Map, Click to Expand 日程:2023/6/25(日)
参加:G(計画)、DAZ、浦野
コース:=笹子→笹子峠→勝沼→塩山= (41km - 7.1h)

 ツーリング記録 参照
メモ:
 笹子峠は2年前のGさん企画で走る予定だったのだが、直前に息子が発熱しコロナの疑いがあったためドタキャンしてしまった峠だ(結局息子はコロナではなかった)。今回はそのリベンジも兼ねて楽しみにしていた。
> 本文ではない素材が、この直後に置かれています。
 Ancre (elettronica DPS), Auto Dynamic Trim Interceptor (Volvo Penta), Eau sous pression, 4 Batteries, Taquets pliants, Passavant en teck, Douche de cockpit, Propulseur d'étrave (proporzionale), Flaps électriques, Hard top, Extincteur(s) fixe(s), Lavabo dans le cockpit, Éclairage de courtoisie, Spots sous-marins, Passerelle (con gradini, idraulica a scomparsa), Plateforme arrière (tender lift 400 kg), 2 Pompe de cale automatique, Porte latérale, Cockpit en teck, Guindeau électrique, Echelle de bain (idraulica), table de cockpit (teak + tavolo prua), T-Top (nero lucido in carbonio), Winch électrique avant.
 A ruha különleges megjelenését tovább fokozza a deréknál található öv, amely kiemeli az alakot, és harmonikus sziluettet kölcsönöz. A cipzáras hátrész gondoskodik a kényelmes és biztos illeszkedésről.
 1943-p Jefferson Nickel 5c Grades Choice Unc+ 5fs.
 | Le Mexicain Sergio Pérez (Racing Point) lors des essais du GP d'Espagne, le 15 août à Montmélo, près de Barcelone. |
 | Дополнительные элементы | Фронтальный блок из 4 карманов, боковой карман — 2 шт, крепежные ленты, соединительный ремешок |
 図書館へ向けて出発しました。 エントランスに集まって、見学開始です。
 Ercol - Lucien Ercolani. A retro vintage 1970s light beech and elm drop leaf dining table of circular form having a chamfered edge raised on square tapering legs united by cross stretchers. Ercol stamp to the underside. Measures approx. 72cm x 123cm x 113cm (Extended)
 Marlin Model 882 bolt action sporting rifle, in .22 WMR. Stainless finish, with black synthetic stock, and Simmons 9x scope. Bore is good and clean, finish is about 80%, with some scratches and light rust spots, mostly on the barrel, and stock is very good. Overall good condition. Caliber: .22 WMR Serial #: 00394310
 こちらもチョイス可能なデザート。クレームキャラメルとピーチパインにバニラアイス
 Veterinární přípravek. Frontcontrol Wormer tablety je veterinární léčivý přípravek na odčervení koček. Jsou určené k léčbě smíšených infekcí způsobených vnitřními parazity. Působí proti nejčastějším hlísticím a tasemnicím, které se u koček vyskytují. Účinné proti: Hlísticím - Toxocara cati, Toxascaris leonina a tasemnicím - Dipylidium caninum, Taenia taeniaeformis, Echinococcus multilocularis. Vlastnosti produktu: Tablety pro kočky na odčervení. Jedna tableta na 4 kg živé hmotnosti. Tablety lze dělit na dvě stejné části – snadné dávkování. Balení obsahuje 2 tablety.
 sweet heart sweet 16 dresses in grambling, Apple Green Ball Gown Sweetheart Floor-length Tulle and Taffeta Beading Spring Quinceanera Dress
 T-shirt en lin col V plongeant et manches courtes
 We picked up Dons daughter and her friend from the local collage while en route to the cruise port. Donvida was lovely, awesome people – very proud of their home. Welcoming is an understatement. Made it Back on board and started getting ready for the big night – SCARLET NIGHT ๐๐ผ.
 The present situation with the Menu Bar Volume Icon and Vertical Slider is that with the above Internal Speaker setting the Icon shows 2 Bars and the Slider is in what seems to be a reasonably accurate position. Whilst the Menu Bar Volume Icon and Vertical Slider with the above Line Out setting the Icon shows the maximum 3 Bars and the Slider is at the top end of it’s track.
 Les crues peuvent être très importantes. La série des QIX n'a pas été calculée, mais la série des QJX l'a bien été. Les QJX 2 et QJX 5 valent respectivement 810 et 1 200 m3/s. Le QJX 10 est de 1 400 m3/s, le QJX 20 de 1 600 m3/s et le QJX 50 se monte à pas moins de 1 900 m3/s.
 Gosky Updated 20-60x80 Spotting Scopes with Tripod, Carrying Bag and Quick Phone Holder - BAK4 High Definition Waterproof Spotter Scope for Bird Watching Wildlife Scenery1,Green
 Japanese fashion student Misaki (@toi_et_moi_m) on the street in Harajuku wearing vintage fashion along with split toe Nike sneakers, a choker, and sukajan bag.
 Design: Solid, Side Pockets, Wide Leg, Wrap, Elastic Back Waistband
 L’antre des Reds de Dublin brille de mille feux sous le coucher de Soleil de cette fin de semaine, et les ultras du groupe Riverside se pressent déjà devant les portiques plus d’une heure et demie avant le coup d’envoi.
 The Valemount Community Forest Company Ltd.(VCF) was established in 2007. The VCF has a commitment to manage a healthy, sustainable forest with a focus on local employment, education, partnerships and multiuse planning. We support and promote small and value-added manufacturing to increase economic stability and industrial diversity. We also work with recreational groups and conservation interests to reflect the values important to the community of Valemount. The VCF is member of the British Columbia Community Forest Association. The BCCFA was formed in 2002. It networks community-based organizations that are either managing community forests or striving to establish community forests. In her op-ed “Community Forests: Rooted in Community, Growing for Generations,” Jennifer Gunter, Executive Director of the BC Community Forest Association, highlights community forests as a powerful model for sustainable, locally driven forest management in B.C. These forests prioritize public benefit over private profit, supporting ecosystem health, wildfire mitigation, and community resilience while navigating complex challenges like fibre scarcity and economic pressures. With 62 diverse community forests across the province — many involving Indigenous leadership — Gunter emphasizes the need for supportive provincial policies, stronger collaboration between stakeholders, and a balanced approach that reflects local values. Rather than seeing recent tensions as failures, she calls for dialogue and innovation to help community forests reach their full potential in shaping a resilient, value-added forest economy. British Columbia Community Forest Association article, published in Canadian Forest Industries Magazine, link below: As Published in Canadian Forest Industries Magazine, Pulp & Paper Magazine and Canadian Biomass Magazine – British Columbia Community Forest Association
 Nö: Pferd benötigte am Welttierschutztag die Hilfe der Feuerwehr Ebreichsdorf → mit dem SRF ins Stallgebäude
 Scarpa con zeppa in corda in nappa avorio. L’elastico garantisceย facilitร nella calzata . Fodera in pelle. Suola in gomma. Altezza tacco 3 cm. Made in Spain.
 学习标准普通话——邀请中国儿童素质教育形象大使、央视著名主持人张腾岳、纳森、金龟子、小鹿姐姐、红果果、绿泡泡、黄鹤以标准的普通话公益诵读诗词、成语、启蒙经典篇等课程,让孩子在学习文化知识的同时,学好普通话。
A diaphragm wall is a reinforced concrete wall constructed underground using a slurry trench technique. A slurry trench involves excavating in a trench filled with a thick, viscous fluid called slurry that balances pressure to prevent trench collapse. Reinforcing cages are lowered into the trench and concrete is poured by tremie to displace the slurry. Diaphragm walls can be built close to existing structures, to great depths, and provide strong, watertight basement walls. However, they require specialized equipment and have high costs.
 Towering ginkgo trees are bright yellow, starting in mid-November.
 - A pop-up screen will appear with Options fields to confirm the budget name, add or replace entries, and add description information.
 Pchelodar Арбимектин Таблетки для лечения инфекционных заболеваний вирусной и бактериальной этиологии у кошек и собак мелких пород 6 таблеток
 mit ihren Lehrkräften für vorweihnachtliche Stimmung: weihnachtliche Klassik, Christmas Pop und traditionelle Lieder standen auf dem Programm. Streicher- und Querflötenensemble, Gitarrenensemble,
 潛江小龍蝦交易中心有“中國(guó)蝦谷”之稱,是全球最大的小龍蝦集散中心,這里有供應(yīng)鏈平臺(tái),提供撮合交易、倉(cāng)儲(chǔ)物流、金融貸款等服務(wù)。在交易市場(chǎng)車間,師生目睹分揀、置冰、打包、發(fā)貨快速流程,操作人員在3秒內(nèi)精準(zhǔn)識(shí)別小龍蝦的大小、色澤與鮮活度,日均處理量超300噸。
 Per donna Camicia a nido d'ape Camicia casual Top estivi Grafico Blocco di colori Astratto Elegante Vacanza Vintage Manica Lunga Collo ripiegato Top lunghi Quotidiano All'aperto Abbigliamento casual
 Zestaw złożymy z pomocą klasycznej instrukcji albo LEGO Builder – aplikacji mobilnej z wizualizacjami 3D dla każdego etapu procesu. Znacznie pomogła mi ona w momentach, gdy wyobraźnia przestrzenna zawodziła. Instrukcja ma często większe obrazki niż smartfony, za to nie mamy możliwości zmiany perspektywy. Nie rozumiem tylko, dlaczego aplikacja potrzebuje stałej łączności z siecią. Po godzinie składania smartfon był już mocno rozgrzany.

ダズも初めての峠とのことだったがGokiさん曰く、過去にダズを含め3人で走ってるよとのこと。例によって全く記憶にない。今回は最初に笹子峠を越えて後半は甲州の寺院巡りという趣向だ。


1日目:6/25(日)
コース:=笹子→笹子峠→景徳院→ワインカーブ→大善寺→勝沼(昼食)→恵林寺→塩山=
参加:G(計画)、DAZ、浦野
天気:晴れ
距離:40.92km
獲得標高:807m
走行時間:7h5min


*集合、JR笹子トンネル
 出発はJR笹子駅9:30の予定。浦野はゴールの塩山駅近くの甲州市役所駐車場に車を停めて笹子駅まで輪行、8時過ぎに笹子駅に到着した。9時前にGokiさんとダズが同じ電車で到着し、9:25に出発。
 走り出してすぐJR笹子トンネル入り口で小休止。ダズのGoogleマップ予習によると、今では下り線専用になっているJR笹子トンネルは明治時代に完成したもので、扁額(トンネル・建物・門・鳥居などに掲げられる看板)は伊藤博文の書によるものだそうだ。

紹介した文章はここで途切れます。